3.) run a new parity check

 

I have the the diagnostic attached and would appreciate any further guidance. Thanks a lot.

 

This kind of error is not usually a physical drive issue but an interface issue.  It usually means contact with the drive is lost, so nothing wrong with the drive, but if you cannot talk to it, you will have a lot of errors including read and write errors and then the drive is dropped by the kernel.  It's not the drive's fault, and nothing is wrong with the drive.  It could be a cabling or power issue, or a controller issue.  Sorry, I haven't looked at the diagnostics yet.  Maybe later...

Link to comment

Thanks Rob. If you would kindly look into the diagnostics...that would be excellent.

 

I have almost all data from disc 3 on my 2nd server and doing the remaining backup as we speak. The Smart Test I was starting is stuck at 10%...so I might need to first power down the server and checking the cabling. You are right..I might have damaged the cabling when I pulled off the empty disc drive but I'm going to install the new drive afterwards.

 

Let's see how the "old" drive behaves when I preclear it....this will making sure that the drive is in proper condition. I will post the results here.

 

Thanks a lot.

 

[EDIT] The data rebuild ended without any further errors. I started a SMART extended self-test (the short self-test didn't reported any errors). I will upload the SMART report as soon as it finishes.

 

However, 12 movies are damaged now. HUGE issue as I can't trust the data integrity any more.
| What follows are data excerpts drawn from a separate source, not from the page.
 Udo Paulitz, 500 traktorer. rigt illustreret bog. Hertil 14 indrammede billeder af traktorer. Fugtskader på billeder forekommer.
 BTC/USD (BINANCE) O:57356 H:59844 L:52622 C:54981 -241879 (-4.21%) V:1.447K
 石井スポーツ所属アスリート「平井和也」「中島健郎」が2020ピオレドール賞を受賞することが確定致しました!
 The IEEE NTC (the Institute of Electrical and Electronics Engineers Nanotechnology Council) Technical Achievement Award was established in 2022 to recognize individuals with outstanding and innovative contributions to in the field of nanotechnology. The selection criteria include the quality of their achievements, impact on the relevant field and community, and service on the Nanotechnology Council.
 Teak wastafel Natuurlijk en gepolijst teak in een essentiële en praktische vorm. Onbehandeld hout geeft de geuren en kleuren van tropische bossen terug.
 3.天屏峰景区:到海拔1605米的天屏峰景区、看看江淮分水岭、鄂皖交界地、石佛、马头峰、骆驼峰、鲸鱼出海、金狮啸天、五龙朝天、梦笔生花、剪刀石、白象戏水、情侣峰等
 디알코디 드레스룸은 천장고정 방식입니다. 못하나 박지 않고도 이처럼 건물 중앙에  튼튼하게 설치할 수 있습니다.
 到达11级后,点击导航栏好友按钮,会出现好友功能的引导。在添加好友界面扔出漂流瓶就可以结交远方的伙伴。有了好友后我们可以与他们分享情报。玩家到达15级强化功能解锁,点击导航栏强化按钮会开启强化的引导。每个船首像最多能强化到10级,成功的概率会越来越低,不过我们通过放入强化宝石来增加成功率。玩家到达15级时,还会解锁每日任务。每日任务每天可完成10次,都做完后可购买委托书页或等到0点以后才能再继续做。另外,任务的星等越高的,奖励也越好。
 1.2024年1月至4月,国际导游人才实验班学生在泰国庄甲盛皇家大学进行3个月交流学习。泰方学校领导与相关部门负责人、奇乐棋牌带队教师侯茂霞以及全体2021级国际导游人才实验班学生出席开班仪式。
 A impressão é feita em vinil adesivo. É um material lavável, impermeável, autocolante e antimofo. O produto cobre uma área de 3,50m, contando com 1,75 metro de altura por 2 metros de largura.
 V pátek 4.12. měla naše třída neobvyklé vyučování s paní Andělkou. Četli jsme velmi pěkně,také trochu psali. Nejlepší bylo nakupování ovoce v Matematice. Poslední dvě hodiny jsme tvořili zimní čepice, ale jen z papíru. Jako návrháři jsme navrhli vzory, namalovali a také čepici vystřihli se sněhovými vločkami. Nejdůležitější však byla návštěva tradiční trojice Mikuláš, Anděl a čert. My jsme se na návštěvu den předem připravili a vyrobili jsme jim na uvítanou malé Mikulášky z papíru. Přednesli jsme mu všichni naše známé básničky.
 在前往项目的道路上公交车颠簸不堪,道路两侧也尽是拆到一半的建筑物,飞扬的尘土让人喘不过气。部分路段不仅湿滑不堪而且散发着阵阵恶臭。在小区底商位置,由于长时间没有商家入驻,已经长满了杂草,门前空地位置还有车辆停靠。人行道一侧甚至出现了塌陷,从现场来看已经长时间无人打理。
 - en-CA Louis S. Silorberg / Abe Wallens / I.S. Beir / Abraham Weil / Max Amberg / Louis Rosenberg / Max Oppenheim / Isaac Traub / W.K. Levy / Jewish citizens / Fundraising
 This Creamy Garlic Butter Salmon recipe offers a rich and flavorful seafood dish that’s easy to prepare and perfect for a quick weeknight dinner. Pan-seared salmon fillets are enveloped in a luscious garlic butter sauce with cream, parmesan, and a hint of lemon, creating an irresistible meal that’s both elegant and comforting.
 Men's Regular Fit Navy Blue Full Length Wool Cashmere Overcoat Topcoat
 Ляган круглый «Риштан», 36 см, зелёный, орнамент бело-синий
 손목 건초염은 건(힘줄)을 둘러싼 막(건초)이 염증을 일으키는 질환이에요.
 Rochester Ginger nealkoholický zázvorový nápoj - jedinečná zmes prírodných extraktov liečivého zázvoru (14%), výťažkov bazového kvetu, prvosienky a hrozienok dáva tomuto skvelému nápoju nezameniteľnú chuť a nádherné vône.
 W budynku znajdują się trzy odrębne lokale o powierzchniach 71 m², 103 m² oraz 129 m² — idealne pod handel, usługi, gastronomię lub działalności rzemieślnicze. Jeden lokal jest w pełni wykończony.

I saw this before but this is massive now.

Link to comment

Your syslog shows unRAID 6.0.1, but it's not.  Here is 6.0.1 -

Aug 21 14:57:33 Tower kernel: Linux version 4.0.4-unRAID (root@develop64) (gcc version 4.8.2 (GCC) ) #5 SMP PREEMPT Fri Jun 19 22:47:24 PDT 2015

Your unRAID appears to have been built 8 days later, probably based on 6.0.1, looks like this -

Aug 28 10:54:54 Tower kernel: Linux version 4.0.4-unRAID (root@Server) (gcc version 4.8.2 (GCC) ) #1 SMP PREEMPT Sat Jun 27 01:01:48 BST 2015

I have no idea whether that is significant or not.

 

Your SAS card (using mvsas) quit on you at Aug 28 13:38:10, just over 2.5 hours into the parity check.  First errors were -

Aug 28 13:38:10 Tower kernel: drivers/scsi/mvsas/mv_94xx.c 625:command active 0FFFFDFF,  slot [69].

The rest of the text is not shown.